I was looking for a spice cake recipe (it's my Dad's favorite) and came across this one. It was absolutely delicious! The sauce is SINFUL with a capital "S", the sauce together with the apples in the cake reminded me of eating a caramel apple (yummy!). Next time I make this wonderful recipe, I'm going to double it...because we demolished the cake in record time! (If you make this recipe for a crowd, I suggest doubling or even tripling it).
All I can say is: There were four of us for dinner and only two pieces of this cake were left! There probably wouldn't have been any but we were feeling a little ashamed of making pigs of ourselves! Suggestion: how 'bout a scoop of french vanilla ice cream on the side? If you're gonna sin...sin big!
My husband and I made pigs of ourselves over this cake. I don't know if I can even begin to describe how delicious this was. Wonderful spiced flavor. The sauce makes it pure gold. Had such a rich vanilla-butter flavor and you have to use real butter. Eating it warm is the only way to go. Very memorable and is serious competition with our favorite chocolate desserts. Thanks Mirjam.

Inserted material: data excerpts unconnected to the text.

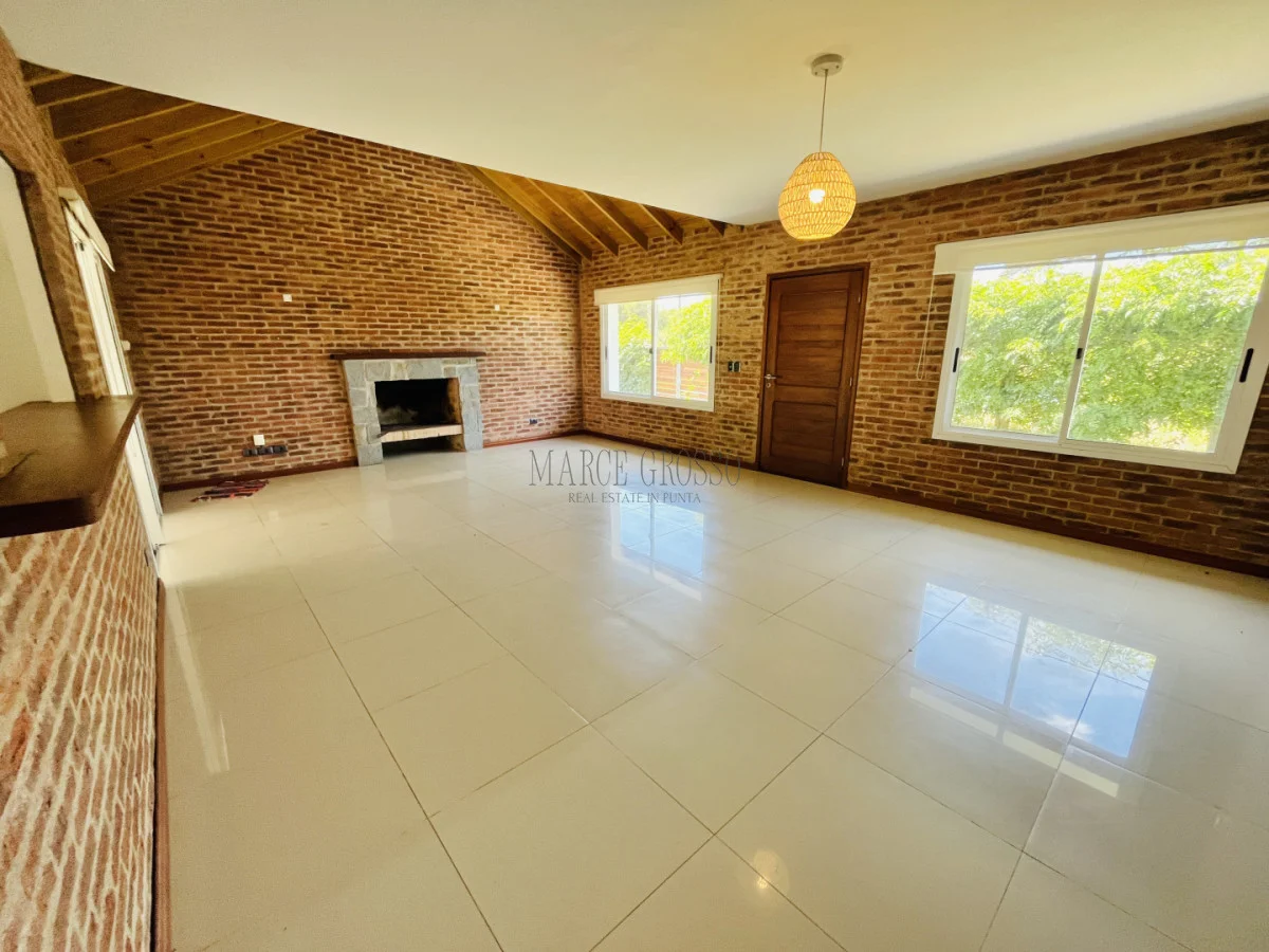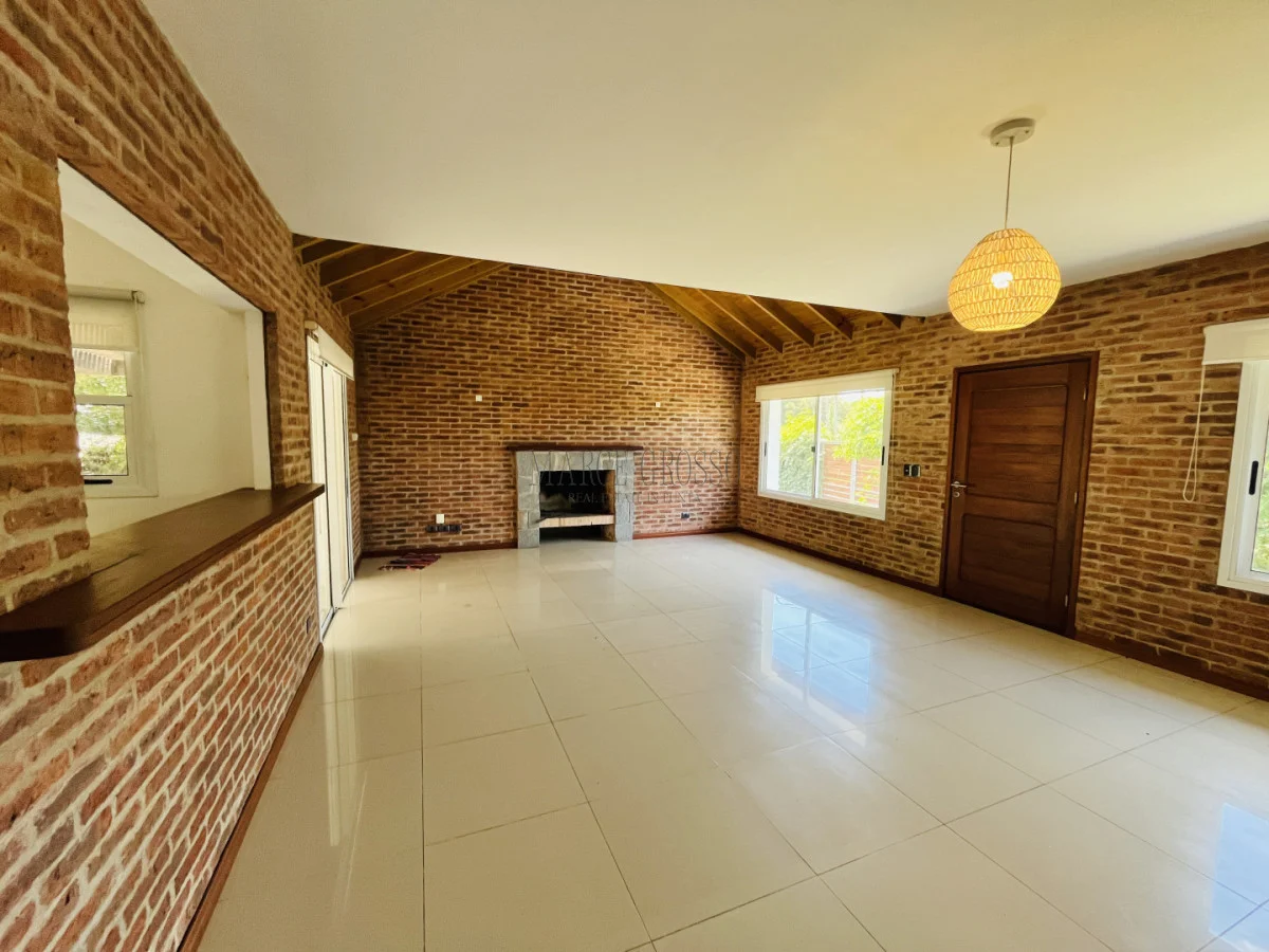 living comedor con estufa a leña, toilette, cocina semi integrada con salida a terraza con pérgola y parque con parrillero.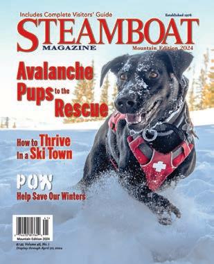 The summer edition will be published in May 2025. For advertising rates and subscription information write: Ski Town Media, Inc., P.O. Box 770456, Steamboat Springs, CO 80477. Phone: (970) 871-9413. Website: www.SkiTownMedia.com. No portion of the contents of this publication may be reproduced in any manner without the written permission of the publisher. © 2024 Ski Town Media, Inc. All rights reserved. ISSN 2166-9252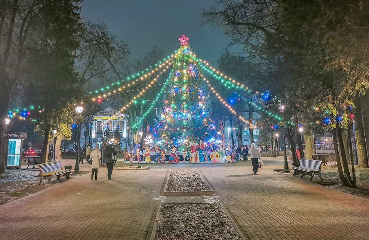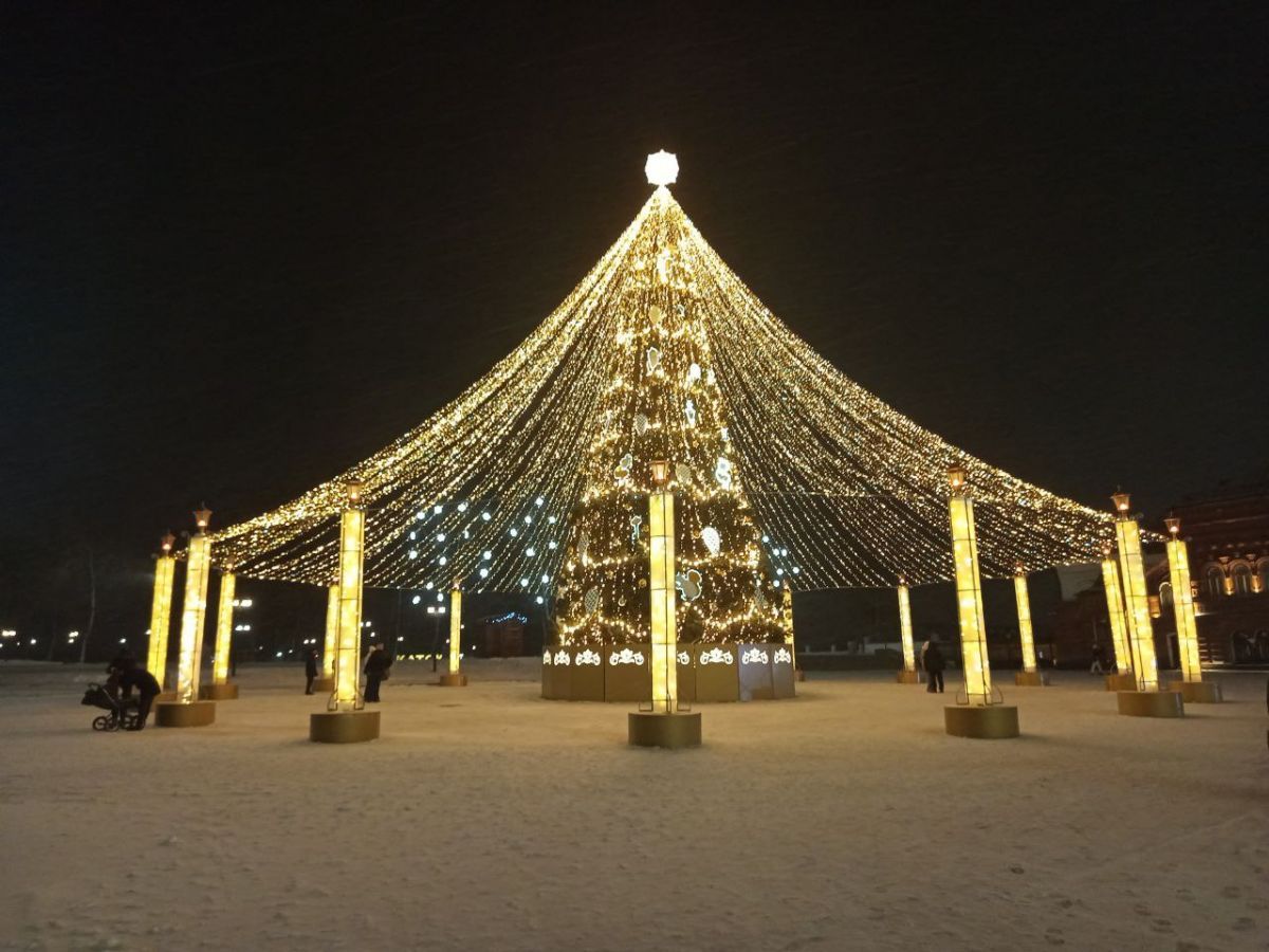 В городе на площади Ленина появилась праздничная ель и украшенные домики ярмарки. Также, жители и гости города, могут полюбоваться фигурами световых оленей и скандальных Снегурочки и Деда Мороза.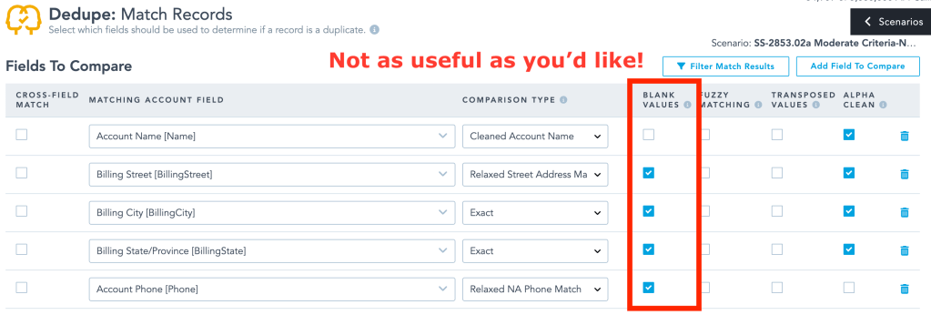 I thought DemandTools enabled merging records where you’re matching on fields like the following. No-brainer, right?

Very good recipe. I was afraid that I had ruined it because I accidentally used 1 cup of butter in the cake instead of 1/2 cup. I didn't realize this until it was in the oven...I figured what the heck, we'll see what happens. It was still very good, although I'm sure much more fattening. I will definately make this again (the correct way).
What a great dessert for Fall! I thought this cake had just the right amount of spice. I used toasted pecans instead of walnuts. The sauce is pretty sweet so I just drizzled it on top of each piece. We don't like things overly sweet, so I'll make a 1/4 of the sauce next time. I can't wait to have it again tomorrow. Thanks for posting this delicious recipe.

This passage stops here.